A Legacy of Leadership, Love, and Lifesaving Work in the Pompe Community
This August, the Acid Maltase Deficiency Association (AMDA) turns 30. Thirty years of progress. Thirty years of advocacy. Thirty years of showing up for patients and families around the world.
When Randall and Marylyn House founded the AMDA in August 1995, they had one powerful mission in mind: to generate support for the scientific community so that effective treatments—first enzyme therapy, then gene therapy—could become a reality for those living with Pompe disease.
At the time, there was no treatment, no community infrastructure, and no roadmap. But what they started would spark a movement.
The Early Years: Science First
In 1998, just three years after the AMDA’s founding, the organization co-hosted a conference with the National Institutes of Health, building momentum and trust with the research community. A year later, the first ERT trials for Pompe began—in the Netherlands and at Duke University.
Then in 2001, the AMDA co-hosted its first International Scientific Research and Patient Conference with the International Pompe Association (IPA). For the first time, patients heard the results of clinical trials directly from the scientists themselves. It was historic—and a sign of things to come.
A Shift Toward the People
By 2003, the AMDA had grown into more than a research support group. With the addition of Marsha Zimmerman as Patient Advocate, the organization took a major step toward becoming what it is today; a hybrid force for both scientific progress and community connection.
That same year, the AMDA began hosting teleconferences—a major leap forward in accessibility. These one-hour virtual sessions gave families across the world a chance to hear directly from researchers several times a year, instead of waiting four or five years for in-person conferences. It was a game-changer.
In 2010, the AMDA elevated this model again by launching webinars—adding visual presentations and data, enhancing understanding, and creating deeper engagement.
More recently, in response to mental health workshops held during the 2024 hybrid conference, the AMDA launched the “Talking With Your Pompe Peeps” series—a community-centered digital forum moderated by patients and caregivers. Focused on real conversations about the lived Pompe experience, the series marks a new phase in our shift toward empowering the community to lead the discussions most important to them.
Milestones That Mattered
- April 2006: The FDA approved Myozyme, the first-ever commercial treatment for Pompe.

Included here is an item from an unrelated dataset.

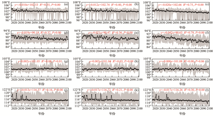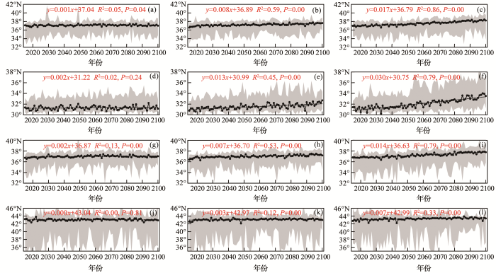 ... 一些学者将等降水量线的空间位置分解到纬向和经向两个方向,获取等降水线上离散点的经度和纬度,再采用加权平均位置的变化来表征和描述等降水量线的整体位移特征[4,5,19,20].王浩等[20]利用1956—2000年黄河流域及周边地区的1 026个雨量(水文)站逐日降水数据,分析了黄河流域400 mm等降水量线的空间变化,认为研究区400 mm等雨量线的加权平均位置坐标在105°00′04″E,36°57′54″N.马超等[19]分析了中国大陆1951—2012年752个站点的逐年降水观测值,认为中国大陆400 mm等雨量线加权平均位置坐标在105°56′E,36°51′N.刘洁[4]分析了1960—2016年多年平均中国北方半干旱界线,认为西段数据稀少,不确定性较大,仅考虑400 mm等降水量线的中东段,认为多年加权平均位置位于108°26′31″E,38°57′25″N. ...
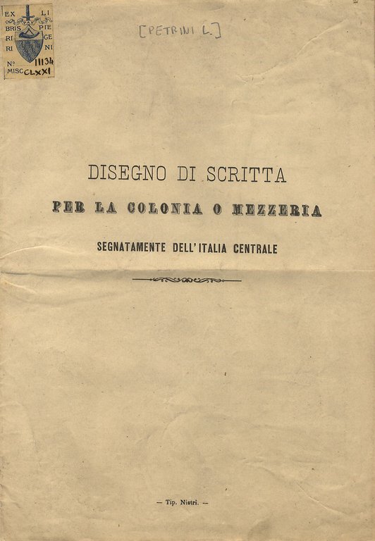 [Pisa], Tip. Nistri, [c. 1870], in-4, nato senza brossura, pp. 19, [1]. Si tratta d'un progetto di contratto colonico firmato in calce L. Petrini.

- November 2006: The AMDA hosted its second International Conference, bringing even more visibility and unity to the Pompe community.
- 2011: The first “Pull for Pompe” fundraiser was launched in partnership with PCMA (Precast Concrete Manufacturers Association), raising funds to directly support research and patient programs
- 2013: The AMDA launched the Helen Walker Research Grant, ensuring that 100% of awarded funds go directly to Pompe disease research.
- 2015: After years of advocacy, Pompe disease was officially added to the U.S. Recommended Uniform Screening Panel (RUSP) for newborn screening—a victory that would save lives.
- 2023: The AMDA contributed to the Texas Advisory Committee’s support of House Bill 2478, setting a statewide deadline for Pompe to be added to the newborn screening panel.
The People Behind the Progress
Over the years, the AMDA continued to grow—one milestone at a time. Each new addition to the team was a turning point.
- 2011: Tiffany House, the very person this organization was built for, stepped into the role of President.
- 2018: Morgan Burroughs joined as Social Media Coordinator, expanding the AMDA’s online reach.
- 2021: Juls Williams became the AMDA’s Liaison, helping streamline operations and communication.
- 2022: Matt Zimmerman came on as Director of Communications/IT, bringing new digital life and infrastructure to the AMDA.
- 2024: Andrea Faris joined as Lead Social Media Manager, shifting the organization’s social media approach from news sharing to strategic community engagement.
- 2025: Tara Mancine steps in as Lead Social Media Manager, and Andrea Faris became Director of the AMDA, carrying the vision forward.
Three decades of impact. Here’s a look at some of the major milestones that shaped the AMDA’s journey:
Tiffany’s Legacy
But no person shaped the AMDA more than Tiffany House.
She was the face, the force, and the heart of this organization. Tiffany wasn’t just a figurehead—she was the reason people believed in what the AMDA could be. She gave everything she had, quietly and without ever asking for praise. Whether fighting for better treatment access or ensuring patients had a seat at the table, Tiffany did it all with one thing in mind: the Pompe community.
When she passed away May 25, 2025, the loss was—and still is—immeasurable.
Carrying the Dream Forward
As we mark this 30-year milestone, it’s impossible not to feel the absence of Tiffany’s voice. But what she built—what we all built together—continues.
We remain as committed as ever to supporting scientific discovery, connecting patients and families, and building a better future for everyone living with Pompe disease.
This isn’t just a birthday.
It’s a promise.
To Tiffany.
To the families.
To the science.
To the future.
We will continue the work she dedicated her life to.